All of the records shown below need to be copied with no differences.
########
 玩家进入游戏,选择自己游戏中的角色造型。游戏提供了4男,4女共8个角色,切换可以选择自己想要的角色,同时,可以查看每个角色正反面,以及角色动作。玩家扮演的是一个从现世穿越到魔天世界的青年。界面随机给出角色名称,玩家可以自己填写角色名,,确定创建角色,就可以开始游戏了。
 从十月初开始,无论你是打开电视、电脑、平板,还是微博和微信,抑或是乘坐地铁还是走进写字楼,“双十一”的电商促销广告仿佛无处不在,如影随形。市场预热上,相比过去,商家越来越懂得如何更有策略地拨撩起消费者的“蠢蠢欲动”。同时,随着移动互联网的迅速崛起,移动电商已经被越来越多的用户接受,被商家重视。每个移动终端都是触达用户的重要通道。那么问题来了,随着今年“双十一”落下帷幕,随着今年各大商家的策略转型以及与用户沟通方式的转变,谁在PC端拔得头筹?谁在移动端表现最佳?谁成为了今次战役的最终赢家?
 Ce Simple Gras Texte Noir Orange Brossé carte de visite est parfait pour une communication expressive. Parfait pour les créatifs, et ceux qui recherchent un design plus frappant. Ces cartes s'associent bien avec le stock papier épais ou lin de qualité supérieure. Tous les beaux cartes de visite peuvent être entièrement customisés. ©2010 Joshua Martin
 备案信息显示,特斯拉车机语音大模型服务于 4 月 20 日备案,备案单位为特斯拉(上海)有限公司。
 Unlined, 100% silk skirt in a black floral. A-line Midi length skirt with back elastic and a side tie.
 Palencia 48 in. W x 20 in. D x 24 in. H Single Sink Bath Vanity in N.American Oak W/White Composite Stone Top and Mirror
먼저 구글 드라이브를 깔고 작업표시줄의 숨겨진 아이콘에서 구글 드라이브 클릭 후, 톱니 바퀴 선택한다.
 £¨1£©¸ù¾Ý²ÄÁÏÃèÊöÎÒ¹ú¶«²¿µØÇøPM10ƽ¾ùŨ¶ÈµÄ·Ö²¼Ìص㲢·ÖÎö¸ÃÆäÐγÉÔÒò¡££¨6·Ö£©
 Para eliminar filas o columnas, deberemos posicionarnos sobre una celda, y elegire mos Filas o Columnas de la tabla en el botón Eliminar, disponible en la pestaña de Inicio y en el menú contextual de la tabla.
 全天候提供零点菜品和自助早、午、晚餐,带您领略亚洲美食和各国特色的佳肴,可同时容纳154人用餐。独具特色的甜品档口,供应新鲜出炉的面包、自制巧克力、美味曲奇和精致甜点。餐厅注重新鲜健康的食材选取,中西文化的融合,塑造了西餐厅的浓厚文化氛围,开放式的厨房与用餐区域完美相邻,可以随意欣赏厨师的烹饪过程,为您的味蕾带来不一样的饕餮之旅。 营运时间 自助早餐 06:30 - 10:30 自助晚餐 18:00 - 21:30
########
▶ **Response to the task**:
 玩家进入游戏,选择自己游戏中的角色造型。游戏提供了4男,4女共8个角色,切换可以选择自己想要的角色,同时,可以查看每个角色正反面,以及角色动作。玩家扮演的是一个从现世穿越到魔天世界的青年。界面随机给出角色名称,玩家可以自己填写角色名,,确定创建角色,就可以开始游戏了。
 从十月初开始,无论你是打开电视、电脑、平板,还是微博和微信,抑或是乘坐地铁还是走进写字楼,“双十一”的电商促销广告仿佛无处不在,如影随形。市场预热上,相比过去,商家越来越懂得如何更有策略地拨撩起消费者的“蠢蠢欲动”。同时,随着移动互联网的迅速崛起,移动电商已经被越来越多的用户接受,被商家重视。每个移动终端都是触达用户的重要通道。那么问题来了,随着今年“双十一”落下帷幕,随着今年各大商家的策略转型以及与用户沟通方式的转变,谁在PC端拔得头筹?谁在移动端表现最佳?谁成为了今次战役的最终赢家?
 Ce Simple Gras Texte Noir Orange Brossé carte de visite est parfait pour une communication expressive. Parfait pour les créatifs, et ceux qui recherchent un design plus frappant. Ces cartes s'associent bien avec le stock papier épais ou lin de qualité supérieure. Tous les beaux cartes de visite peuvent être entièrement customisés. ©2010 Joshua Martin
 备案信息显示,特斯拉车机语音大模型服务于 4 月 20 日备案,备案单位为特斯拉(上海)有限公司。
 Unlined, 100% silk skirt in a black floral. A-line Midi length skirt with back elastic and a side tie.
 Palencia 48 in. W x 20 in. D x 24 in. H Single Sink Bath Vanity in N.American Oak W/White Composite Stone Top and Mirror
먼저 구글 드라이브를 깔고 작업표시줄의 숨겨진 아이콘에서 구글 드라이브 클릭 후, 톱니 바퀴 선택한다.
 £¨1£©¸ù¾Ý²ÄÁÏÃèÊöÎÒ¹ú¶«²¿µØÇøPM10ƽ¾ùŨ¶ÈµÄ·Ö²¼Ìص㲢·ÖÎö¸ÃÆäÐγÉÔÒò¡££¨6·Ö£©
 Para eliminar filas o columnas, deberemos posicionarnos sobre una celda, y elegire mos Filas o Columnas de la tabla en el botón Eliminar, disponible en la pestaña de Inicio y en el menú contextual de la tabla.
 全天候提供零点菜品和自助早、午、晚餐,带您领略亚洲美食和各国特色的佳肴,可同时容纳154人用餐。独具特色的甜品档口,供应新鲜出炉的面包、自制巧克力、美味曲奇和精致甜点。餐厅注重新鲜健康的食材选取,中西文化的融合,塑造了西餐厅的浓厚文化氛围,开放式的厨房与用餐区域完美相邻,可以随意欣赏厨师的烹饪过程,为您的味蕾带来不一样的饕餮之旅。 营运时间 自助早餐 06:30 - 10:30 自助晚餐 18:00 - 21:30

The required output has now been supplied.